Kil-Kare Speedway star Mike Stacy and rookie sensation Brandon Oakley will be there racing Losi Mini Late Models. Come out with whatever oval cars you have - ANY class with THREE cars will be offered.

Let's support the Ruggles Thursday at 6:30 and have some FUN!!!


----------



## tlmarshall59 (Jan 31, 2010)

tlmarshall59 said:


> Joe and Ian Ruggles at Access RacePlace will be offering an Oval Night on Thursdays, starting next week, February 17th. Check out indoorchamps.net and click on the "Club Track" link for information and directions to Access RacePlace.
> 
> Kil-Kare Speedway star Mike Stacy and rookie sensation Brandon Oakley will be there racing Losi Mini Late Models. Come out with whatever oval cars you have - ANY class with THREE cars will be offered.
> 
> Let's support the Ruggles Thursday at 6:30 and have some FUN!!!
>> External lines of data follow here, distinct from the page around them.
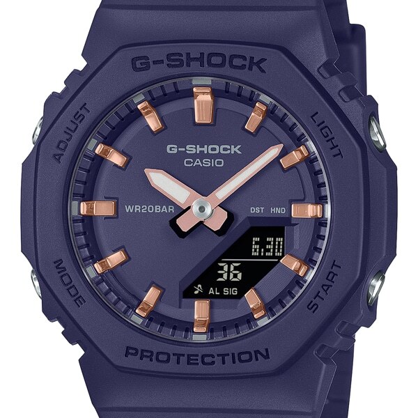 ☆★カシオ G-SHOCK WOMEN【クオーツ】GMA-P2100M-2AJF☆★人気のアナログ・デジタルコンビネーションモデルGMA-P2100。コンパクトなサイズで腕の細い方も快適に着用できます。バンドの主な樹脂パーツにはバイオマスプラスチックを採用。どんなコーディネートにも合わせやすいベーシックなカラーに、ピンクゴールドの華やかな差し色で腕元を上品に彩ります。◇メーカー希望小売価格17,600円(税込)◇●耐衝撃構造●材質:樹脂●20気圧防水●電池寿命:約3年●無機ガラス●ストップウォッチ●タイマー●時刻アラーム5本・時報●ダブルLEDライト●LED:ホワイト●フルオートカレンダー●操作音ON/OFF切替機能●精度:平均月差±15秒●12/24時間制表示切替●針退避機能●サイズ:46×40.2×11.2g●重さ:40g※新品未使用品※取扱説明書付※メーカー保証書1年付※国内正規品
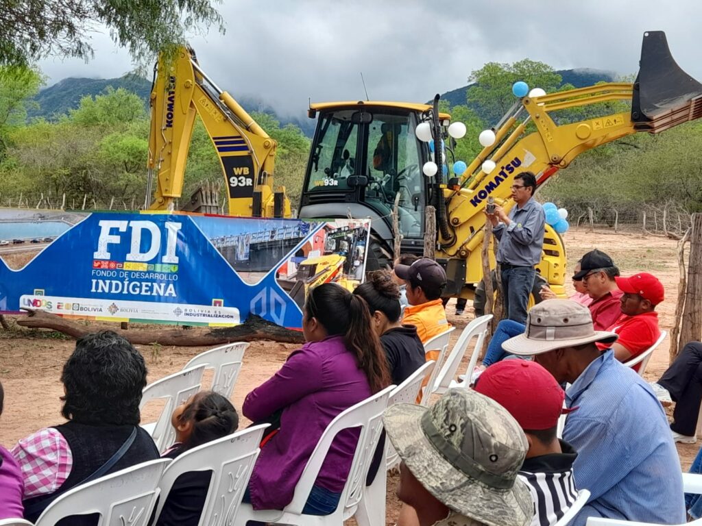 El Gobierno del presidente Lucho Arce, a través del Fondo de Desarrollo Indígena (FDI), entregó este jueves maquinaria pesada para la “construcción de reservorios y almacenamiento de agua, para ganado bovino en comunidades de Machareti”. en el departamento de Chuquisaca.
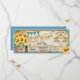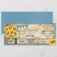 Blått ginghamrutigt mönster med solrosbukett i murskål inslagen med säckväv och spetskant och en tvistsnörebåge rustik lantlig picknick bröllopsinbjudan.
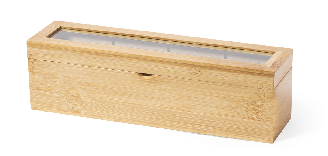 Caja para té de línea nature, fabricada en bambú, con cristal en tapa. Incluye 4 compartimentos para almacenar distintos tipos de té. Presentada en atractiva caja de diseño eco.
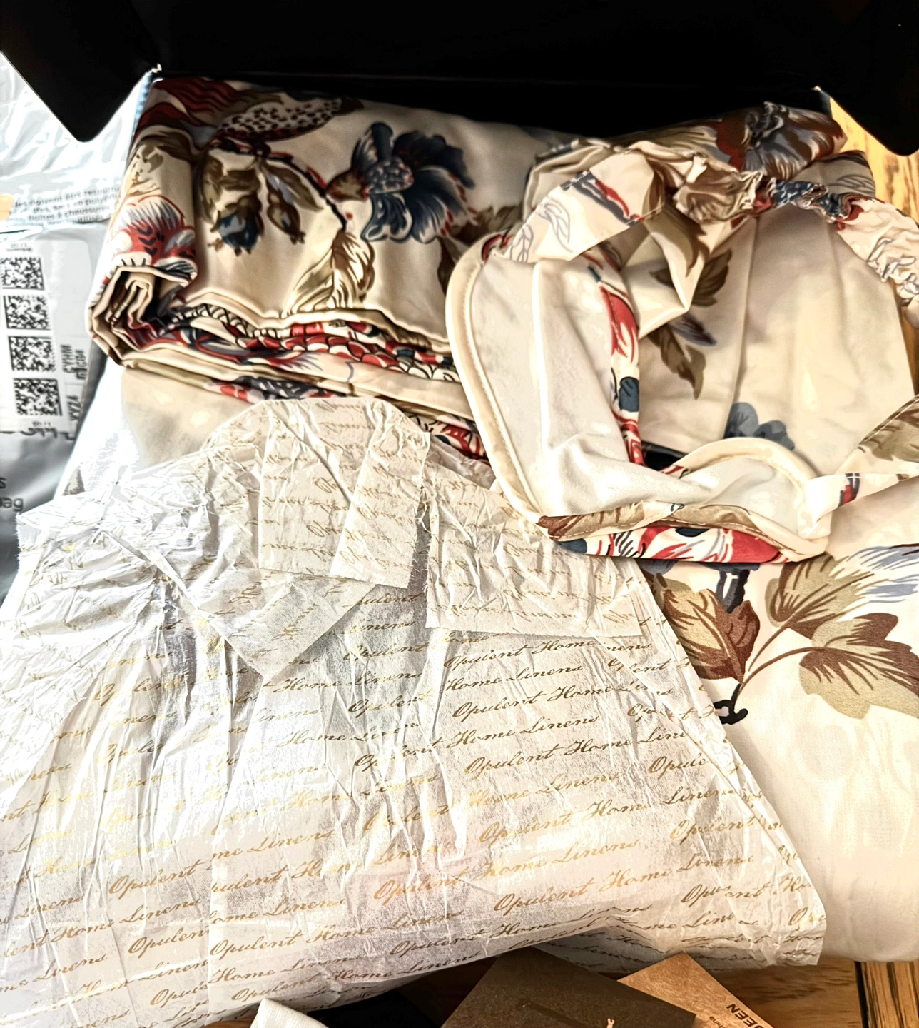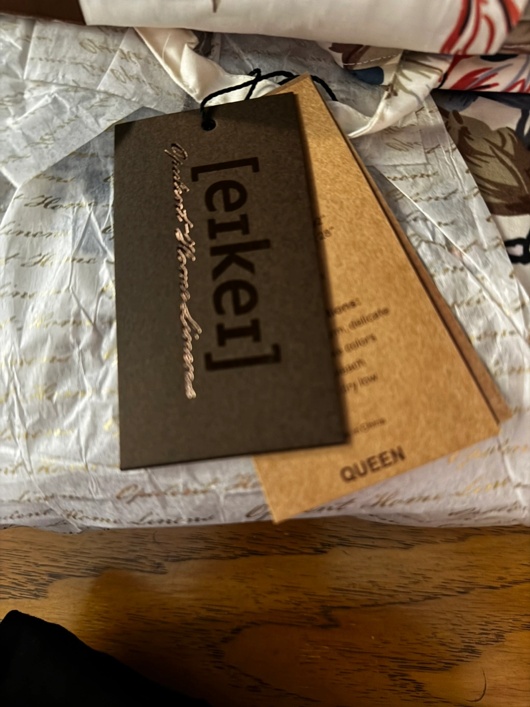 Beautiful queen-size bedding set. Features a floral print with peacocks. Includes duvet cover, pillowcases, and fitted sheet. New with tags. Elegant and luxurious. I have 2 to sell, one was opened only as shown in pictures, never used, the other never even opened. $130.00 retailed.

This will actually be a practice night to help judge interest in a regular oval program. The Ruggles have graciously agreed to setup an oval - I'm not sure of the runline or other details, but will try to get that information prior to Thursday. I do know that there will be at least 5 mildly-modified Losi Mini Late Models - from there let's just see what everyone shows up with!


----------



## team martis (Mar 24, 2010)

hi from TOLEDO OHIO.my son is 11 an races the mini latemodel. we race at hobbystop west track oval in toledo. Weve raced at the gate in clevland too. lov to come out for some oval out here. SPRINGFIELD OHIO? is that where the track is? Our mini is stock with stockupgrades. 4200kv castle motor. lipo 2s. Let us know what u guys do for ovals there. thanks TEAM MARTIS .


----------



## Rugracer (Oct 19, 2010)

*Let me know if you plan to come to the track*

Hi guys

We havent had any Oval Racers the past several weeks. So if you are coming out March 17 or March 24 please PM me. I only will be at the track from 6:30pm to 7:00 pm if I dont hear that you are coming out

Thnx

Joe R


----------



## Rugracer (Oct 19, 2010)

Since we have not had oval racers for the past few weeks. We will not open on Thursdays until further notice. No program scheduled for March 24.

PM me if there is a group that wants to come out and we will set a future date and or shedule.

THNX

Joe R


----------